ACTION ITEM - When the line with "Ένα κόσμημα που" turns up below, begin repeating exactly, and carry on through the line with "レトロガーリーな花とリボン、フリルの可愛い組み合わせのブラウス✨"; no pictures go into the copy.

GIVEN ENTRIES -
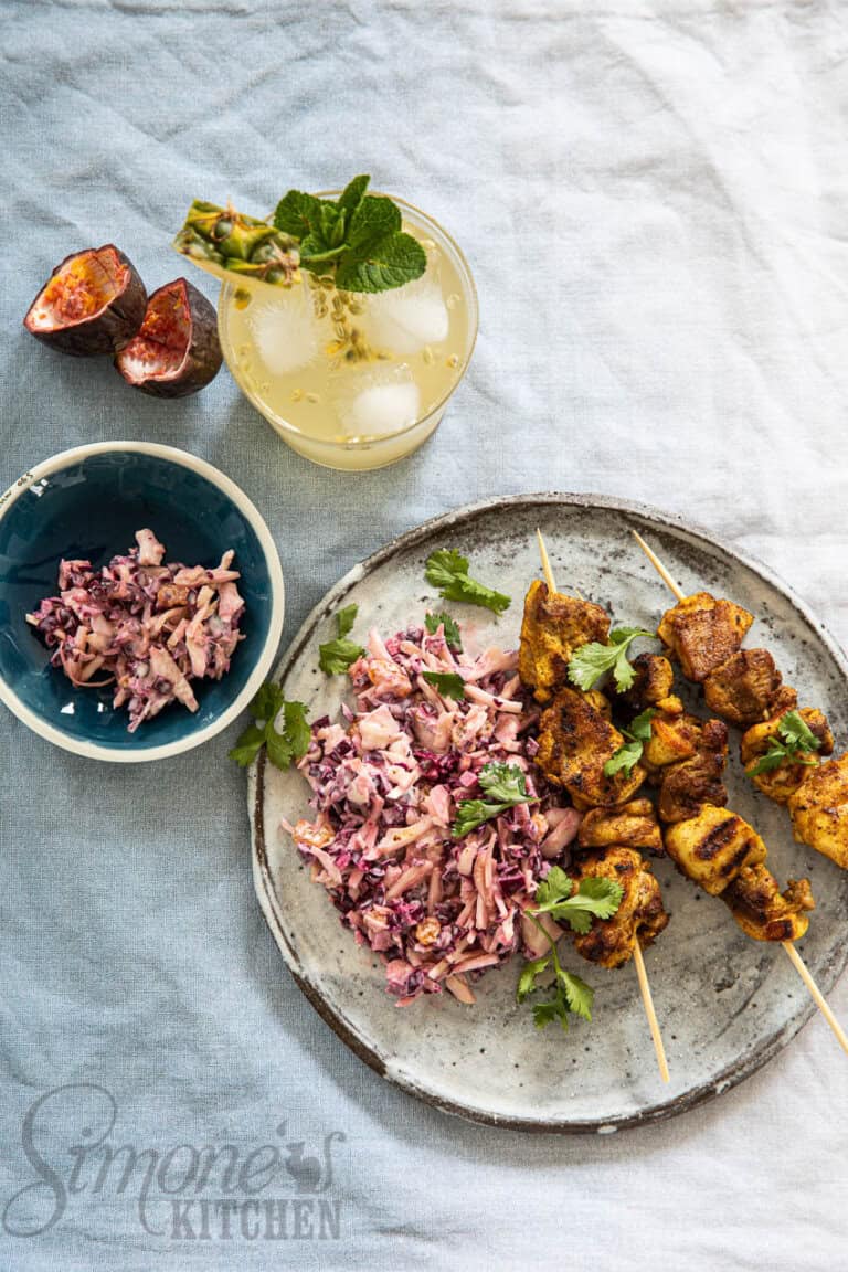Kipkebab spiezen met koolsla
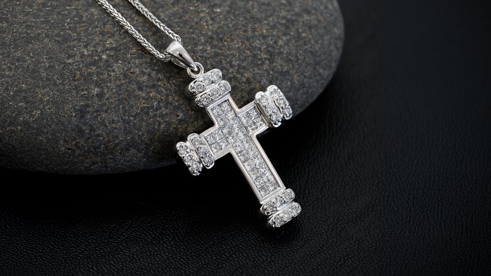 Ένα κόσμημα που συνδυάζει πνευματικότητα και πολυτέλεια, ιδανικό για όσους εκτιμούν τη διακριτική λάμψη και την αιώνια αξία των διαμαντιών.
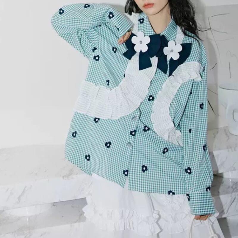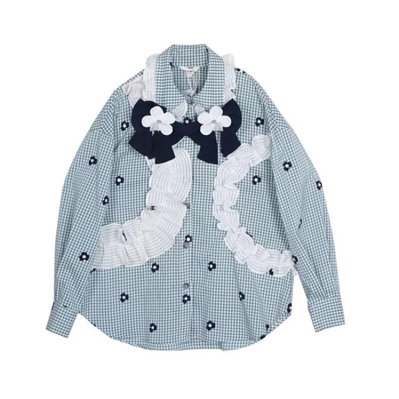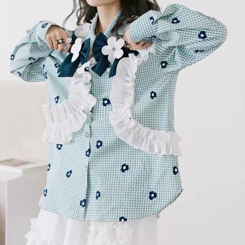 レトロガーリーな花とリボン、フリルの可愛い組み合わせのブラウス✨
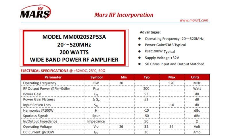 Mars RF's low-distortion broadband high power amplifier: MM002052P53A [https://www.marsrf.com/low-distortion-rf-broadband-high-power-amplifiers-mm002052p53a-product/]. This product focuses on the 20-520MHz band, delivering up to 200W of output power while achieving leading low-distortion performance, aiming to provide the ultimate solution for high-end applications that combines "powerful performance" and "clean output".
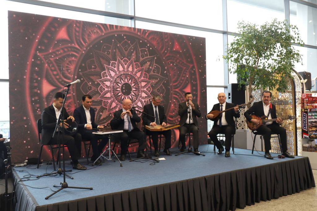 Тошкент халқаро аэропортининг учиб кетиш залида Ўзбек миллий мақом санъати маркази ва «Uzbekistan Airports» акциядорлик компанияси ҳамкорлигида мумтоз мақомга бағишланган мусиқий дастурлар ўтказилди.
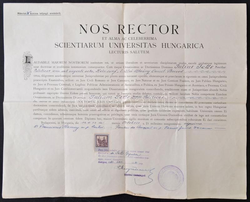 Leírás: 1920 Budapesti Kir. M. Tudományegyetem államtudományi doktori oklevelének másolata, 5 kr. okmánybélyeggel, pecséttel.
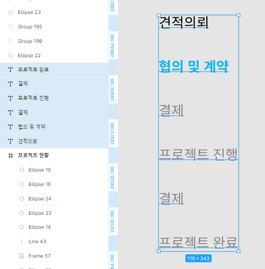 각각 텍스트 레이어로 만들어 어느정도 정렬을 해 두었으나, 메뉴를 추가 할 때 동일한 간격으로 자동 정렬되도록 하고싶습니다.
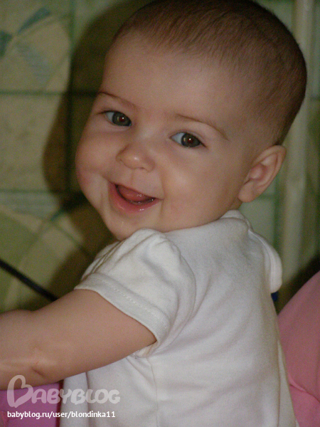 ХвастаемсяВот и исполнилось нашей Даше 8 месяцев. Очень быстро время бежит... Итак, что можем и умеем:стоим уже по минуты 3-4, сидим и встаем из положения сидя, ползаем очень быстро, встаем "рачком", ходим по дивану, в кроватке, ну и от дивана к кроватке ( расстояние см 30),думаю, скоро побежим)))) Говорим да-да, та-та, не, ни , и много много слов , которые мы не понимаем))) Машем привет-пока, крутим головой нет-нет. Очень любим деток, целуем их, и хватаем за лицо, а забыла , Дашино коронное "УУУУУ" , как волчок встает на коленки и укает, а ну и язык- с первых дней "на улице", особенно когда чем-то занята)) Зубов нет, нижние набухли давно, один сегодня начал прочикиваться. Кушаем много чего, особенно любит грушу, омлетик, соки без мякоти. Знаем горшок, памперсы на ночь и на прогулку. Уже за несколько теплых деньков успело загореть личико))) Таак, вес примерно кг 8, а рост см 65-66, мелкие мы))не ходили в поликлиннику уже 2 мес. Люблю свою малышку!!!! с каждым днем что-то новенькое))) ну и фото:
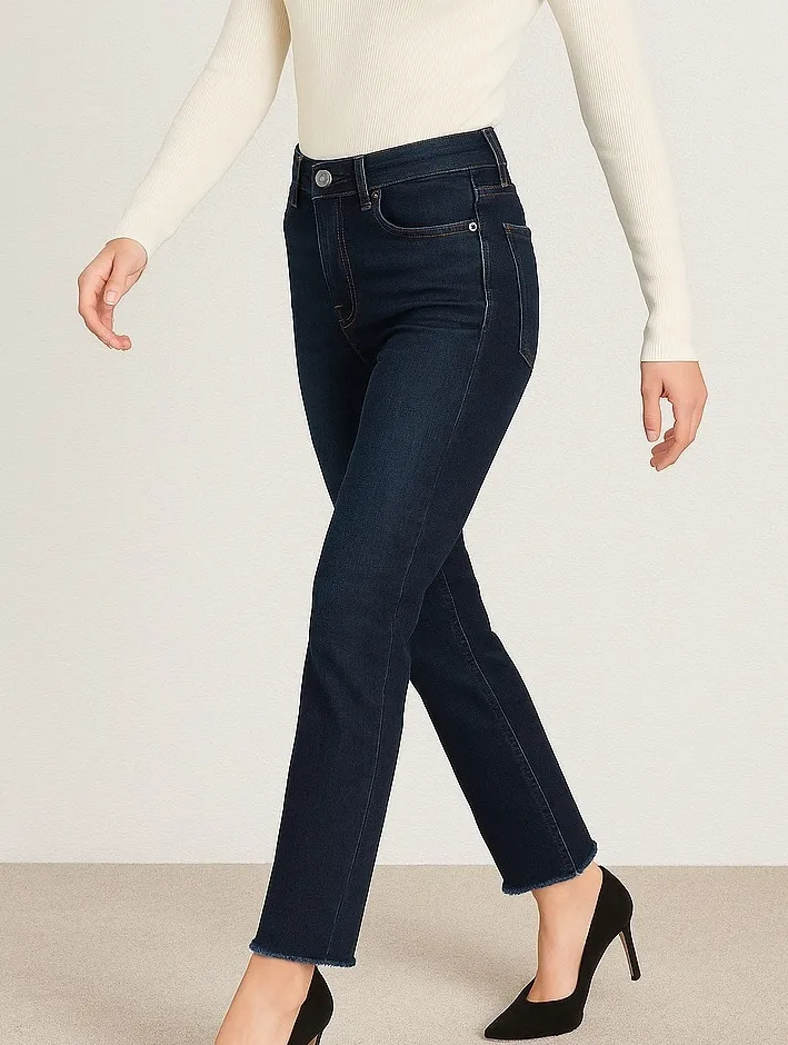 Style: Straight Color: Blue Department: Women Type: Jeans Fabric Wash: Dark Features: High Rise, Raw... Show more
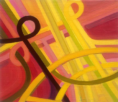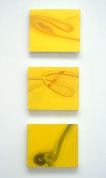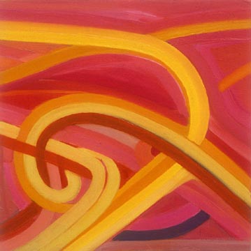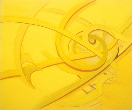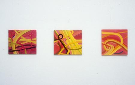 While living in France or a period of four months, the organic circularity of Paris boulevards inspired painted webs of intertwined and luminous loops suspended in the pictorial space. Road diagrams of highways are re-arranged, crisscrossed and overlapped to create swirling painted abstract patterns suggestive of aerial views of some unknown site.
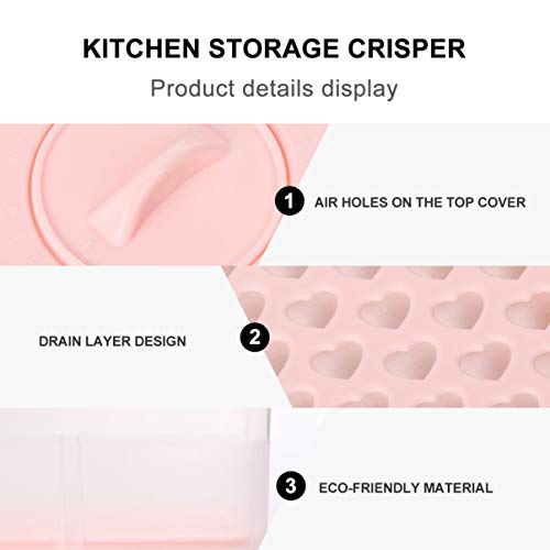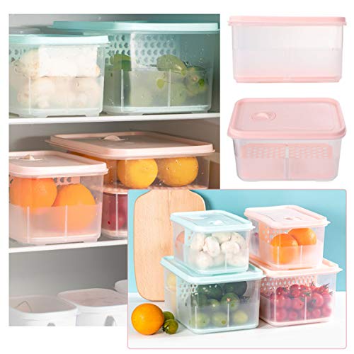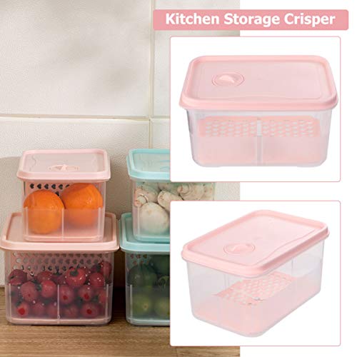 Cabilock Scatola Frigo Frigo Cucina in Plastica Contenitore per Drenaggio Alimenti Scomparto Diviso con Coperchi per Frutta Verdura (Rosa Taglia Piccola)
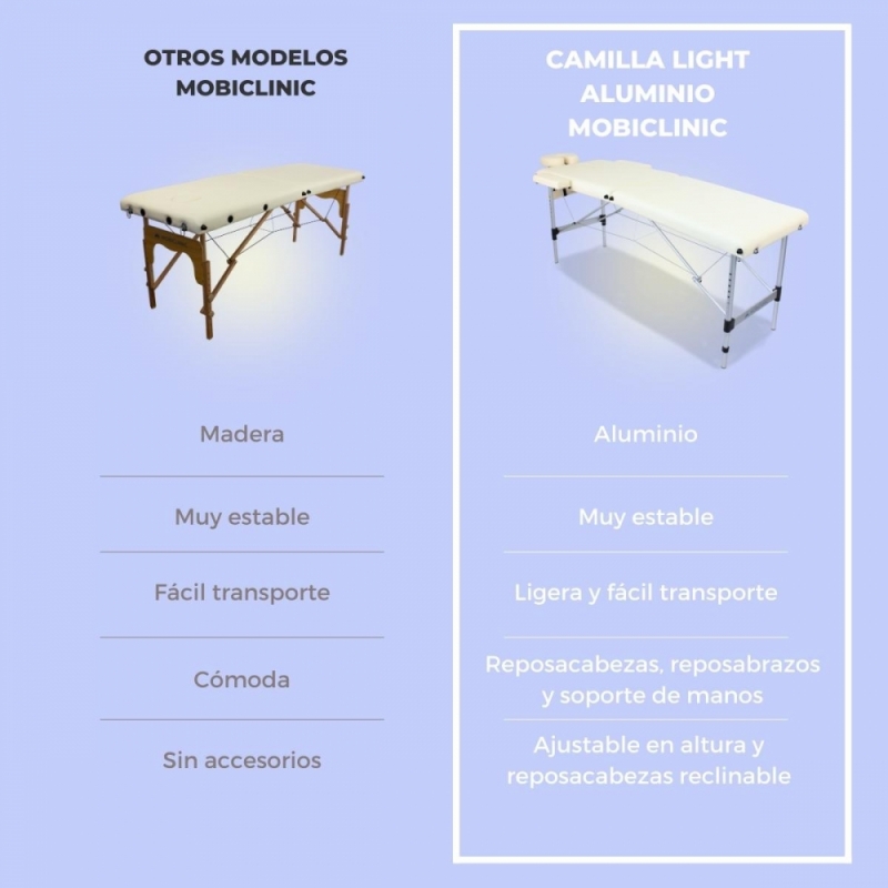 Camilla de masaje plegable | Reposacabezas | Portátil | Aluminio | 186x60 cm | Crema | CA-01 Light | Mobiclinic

SOLUTION TO THIS TASK -
 Ένα κόσμημα που συνδυάζει πνευματικότητα και πολυτέλεια, ιδανικό για όσους εκτιμούν τη διακριτική λάμψη και την αιώνια αξία των διαμαντιών.
 レトロガーリーな花とリボン、フリルの可愛い組み合わせのブラウス✨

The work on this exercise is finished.